There is nothing stopping Ondo State governor, Rotimi Akeredolu, for instance, from calling for help from Shell, Mobil, Dangote, the International Union for Conservation of Nature and other global conservation funding and supporting NGOs to come over to Ondo to support and help create the needed enabling environment that could secure Ondo elephants and other fauna resources.

That Nigeria is rooted at one spot on conservation education practice is sad. Even the intervention templates of our foremost conservation NGO, Nigeria Conservation Foundation (NCF), is on the decline. Up north, savannah conservation is dead; ditto almost all activist conservation groups.

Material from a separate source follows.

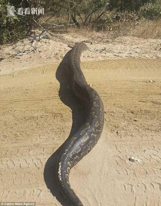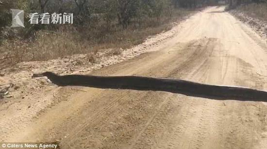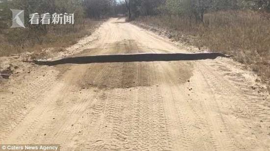 据英国《每日邮报》日前报道,在南非的林波波省乡间一条公路上,一位名叫卡梅隆·沃特的50岁男子驾车带着孩子正在行驶中,突然发现前方道路上横着一条黑色的东西,他以为是减速带,于是放慢车速逐渐靠近。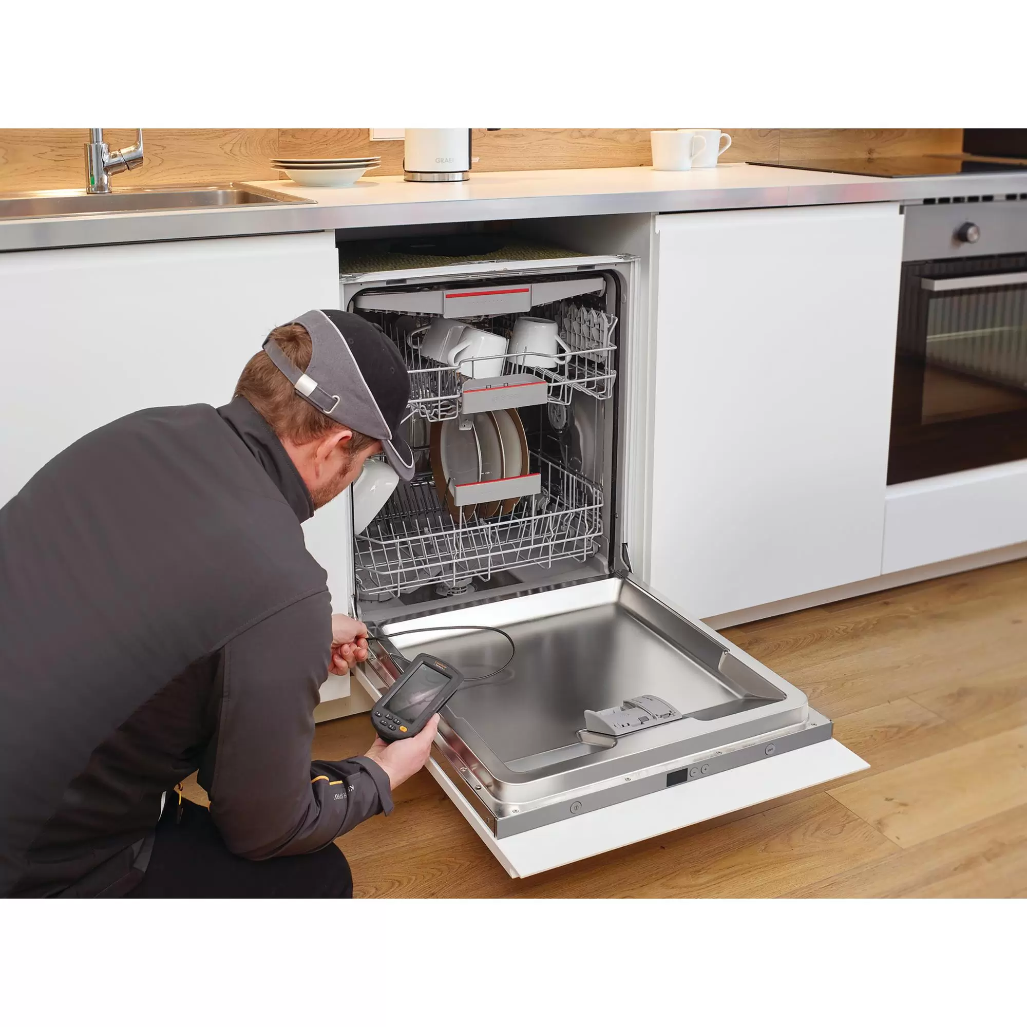 Effective problem localisation behind or in objects, walls, pipes, cavitiesHigh-resolution camera for detailed image and video captureIdentify specific differences with the compare image functionSmall camera unit ideal for hard-to-reach placesPowerful object lighting thanks to six high-performance LEDsLarge, exceptionally easy-to-read displaySuitable image available on the monitor through rotation and mirroringWaterproof and dustproof camera unitMagnet, mirror and hook mount for fixing on the camera headSupplied with TopClips, micro-SD card, batteries and a carrying case.

It is, therefore, not a wonder to hear Kaduna State governor, Nasir El-Rufai, calling for the return of Kamuku National Park to a fancy farmland in the state, which has over-thirsty forest reserve areas left to fallow. In Kano, Governor Ganduje wants herdsmen to come and graze at Falgore Forest Reserve, and others that showcases Nigeria to the world as a failed state.

To end this piece, let me thank Gerald Oputa who wrote to condemn the killing of “Elephant Ondo” and “the disheartening display of animals slaughtered by poachers on our highways.” Barr. Ngozi Ogbomor canvasses for a federal legislation criminalising killing of fauna resources, in order to mitigate the alarming rate of their poaching, while Ike Okija stated that he was better informed on how Nigerians should join hands to protect animals and not give honour to hunters who kill elephants.

There were many reactions from readers, which I cannot publish here due to space constraints, but the truth remains that the time has come for all of us to spare a kobo and thought for Nigeria’s conservation tomorrow. I am heading to Ondo soon and also going back to our protected areas across Nigeria to bring you that information that tells how we need to relate with Mother Earth.